Submitted by BC Gov Communications
The B.C. government has formalized a June 2014 announcement by amending the Agricultural Land Reserve Regulation to specifically identify federally licensed medical marijuana production as a farm use in the ALR which local governments can regulate, but not prohibit.
The amendment recognizes and respects the federal government’s policy and legislation around the production of medical marijuana and provides consistency for communities throughout British Columbia.
The Ministry of Agriculture has also developed a corresponding Bylaw Standard. The Bylaw Standard establishes the limits to which local governments can restrict the production of medical marijuana in the Agricultural Land Reserve, and provides local governments with ready-to-use bylaw provisions developed following consultations with local governments. The bylaw standard does not impact licensed facilities outside of the Agricultural Land Reserve.
The Ministry of Agriculture has sent letters to each local government in B.C. advising them of the change in regulation and outlining the new bylaw standard. The Province will start working with local governments immediately so that they align local bylaws with provincial regulations. The B.C. government expects that all local government bylaws will be consistent with the regulation and the bylaw standard by early fall of this year.
The bylaw standard is designed to ensure as much land as possible in the ALR is used for agricultural purposes, while balancing the needs of communities and other legislation. For example a bylaw requiring a minimum setback of no more than 30 metres from any watercourse allows farmers to meet all environmental regulations that require a 30 metre setback, while not risking the use of additional areas of farmland beyond the 30 metres for non-agricultural purposes. Similarly, in the unlikely event there is a school or park neighbouring a facility in the ALR, a 150 metre setback from the property line provides distance from the school or park and also considers the impacts to land in the ALR that might have a lesser likelihood of being used for agriculture.

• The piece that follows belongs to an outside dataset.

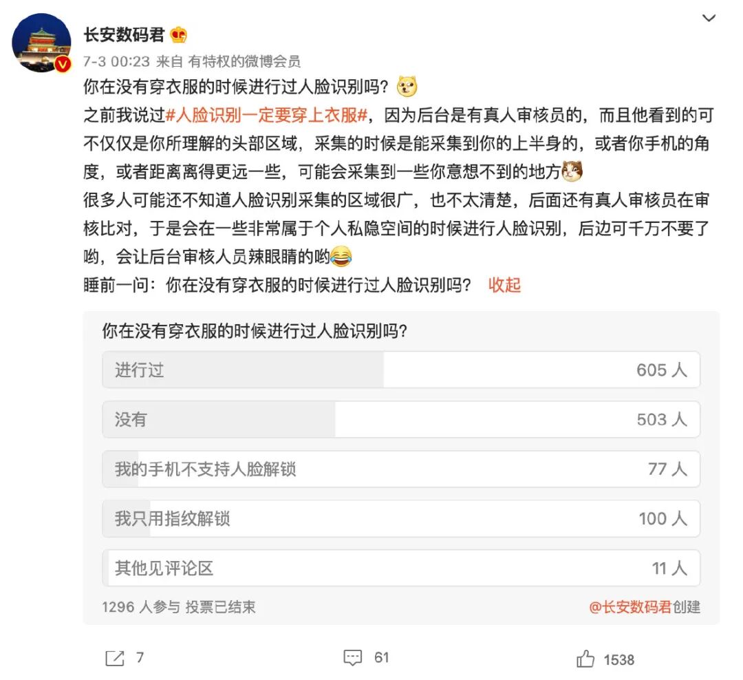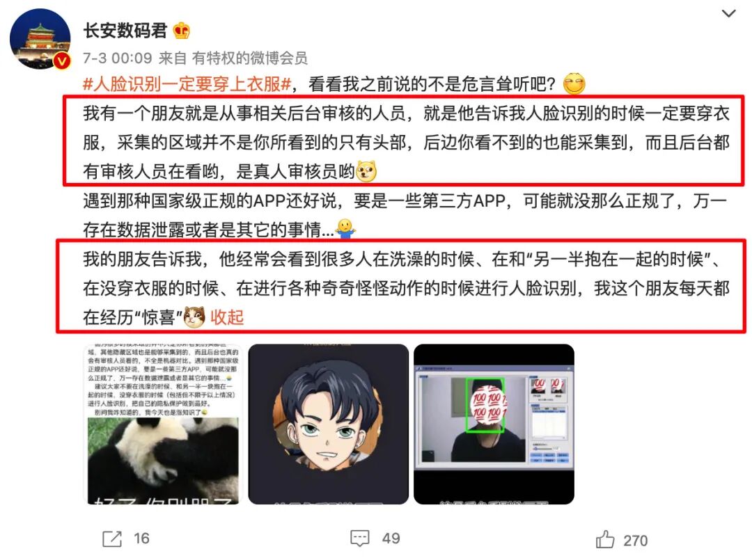 据长安数码君爆料,从事后台审核的朋友告诉他:他朋友在经常会看到很多人在洗澡的时候、在和“另一半抱在一起的时候”、在没穿衣服的时候、在进行各种奇奇怪怪动作的时候进行人脸识别,我这个朋友每天都在经历“惊喜”。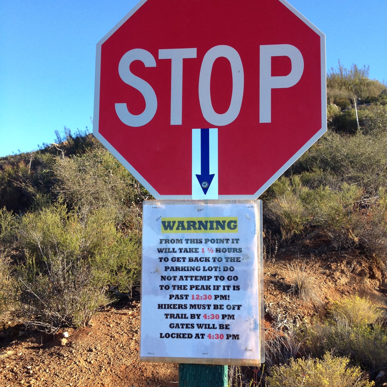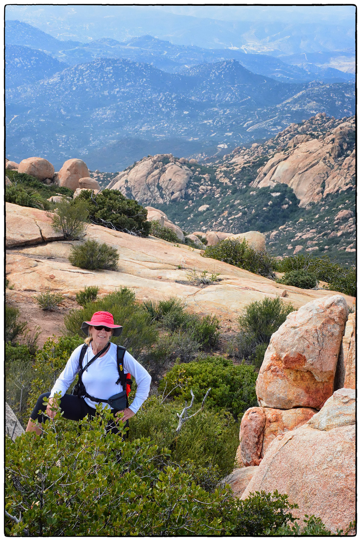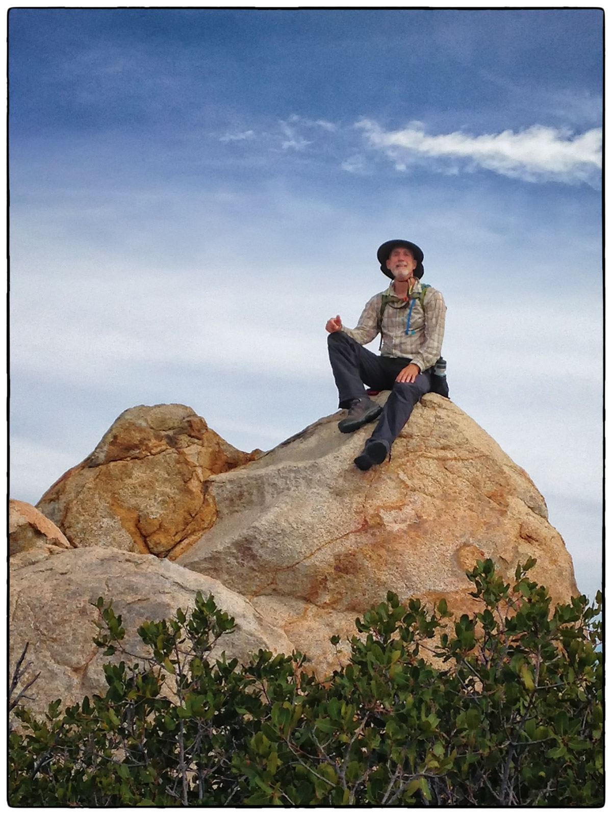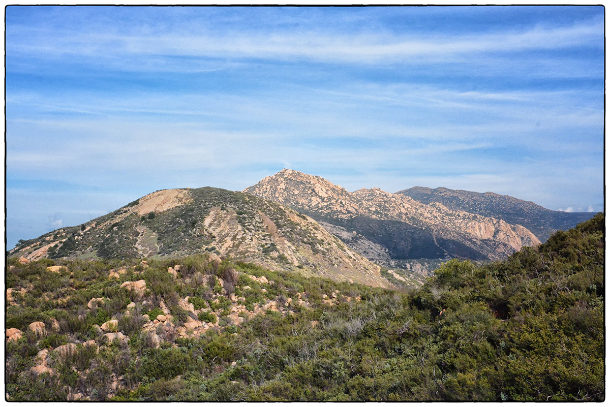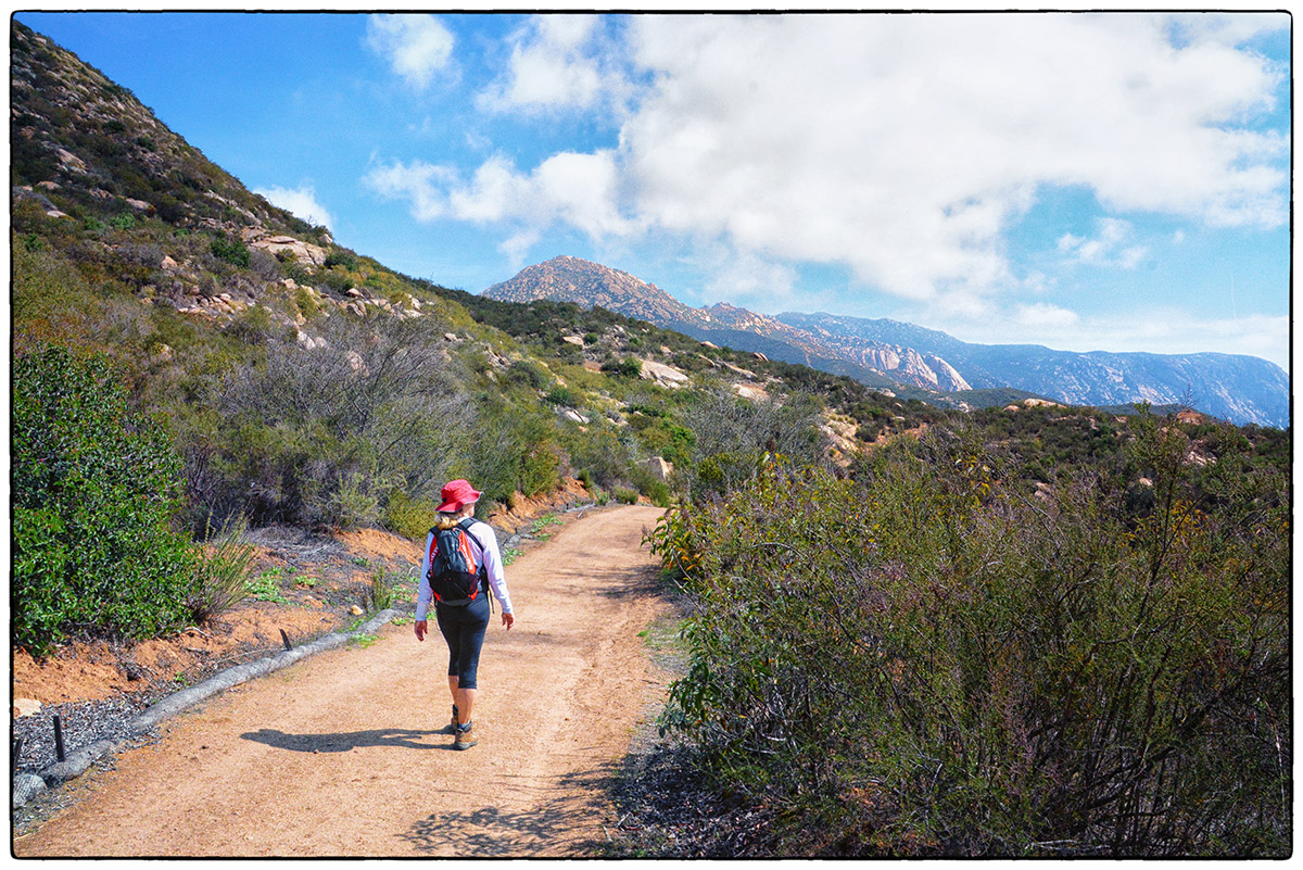 On Friday, March 7th, it was time to challenge our fitness level and attack El Cajon Mountain (El Capitan) a 12 mile round trip strenuous hike with over 4300 feet of elevation gain. Located near Lakeside only about 30 minutes from Santee we arrived around 10am and parked at the trailhead parking lot and started up the road past the private Blue Sky Ranch, a haven for local mystics. Soon we hook up with the old mining road, a precariously steep road bulldozed by miners years ago, no switchbacks just straight up and down. It twists and turns over a scrubby, boulder-punctuated landscape. We reached the STOP sign at 11:45am and new we could continue to the top and still make it back by 4:30pm when the gates close. Onward and upward we went and at 5.5 miles, the road arrives on a saddle where we finally found some other hikers resting before heading back down. We continued on for 1.4 mile trek over a severally eroded and partially overgrown roadbed. Then through thick chaparral and around jumbo- sized boulders to El Cajon’s Mountain summit (3675 ft) with views of the ocean, islands, and innumerable mountain peaks. We stopped for a very short rest and had some snacks then turned around and headed right back down to get to the parking lot before 4:30pm.

Contained in the Standard for local government bylaws:
• Have a minimum setback of no more than 30 metres from any watercourse,
• Have a maximum lot coverage of no less than 35%, and a maximum height of no less than 15 metres,
• Have minimum setbacks between 15 to 30 metres (at the local government’s discretion) from any property line,
• Have a minimum setback of no more than 30 metres from any neighbouring residential use outside of the ALR if a buffer is used, and 60 metres if a buffer is not used. (buffers can combine separation, vegetation and fencing to mitigate the impacts of farming and urban activities.)
• Have a minimum setback of no more than 150 metres from any neighbouring park and school,
• Require a storm water and agricultural liquid waste management plan if the facility is larger than 3700 square metres, or if it covers more than 10% of the lot
• The bylaw standard also includes a provision that there should not be a minimum lot size requirement for medical marijuana production facilities.
Bylaw standards must be adopted by local governments that are regulated under the Local Government Act. Currently Abbotsford, Delta, and Kelowna and Township of Langley are regulated. The bylaw standard also requires medical marijuana production facilities on the ALR in regulated communities have a minimum setback of no more than 100 metres from any urban and ALR boundary. Over the coming months, the Ministry of Agriculture will work with all local governments in B.C., both regulated and unregulated, so that all local government bylaws regarding medical marijuana production facilities in the ALR licensed under Health Canada’s Marihuana for Medical Purposes Regulations are consistent with the bylaw standard.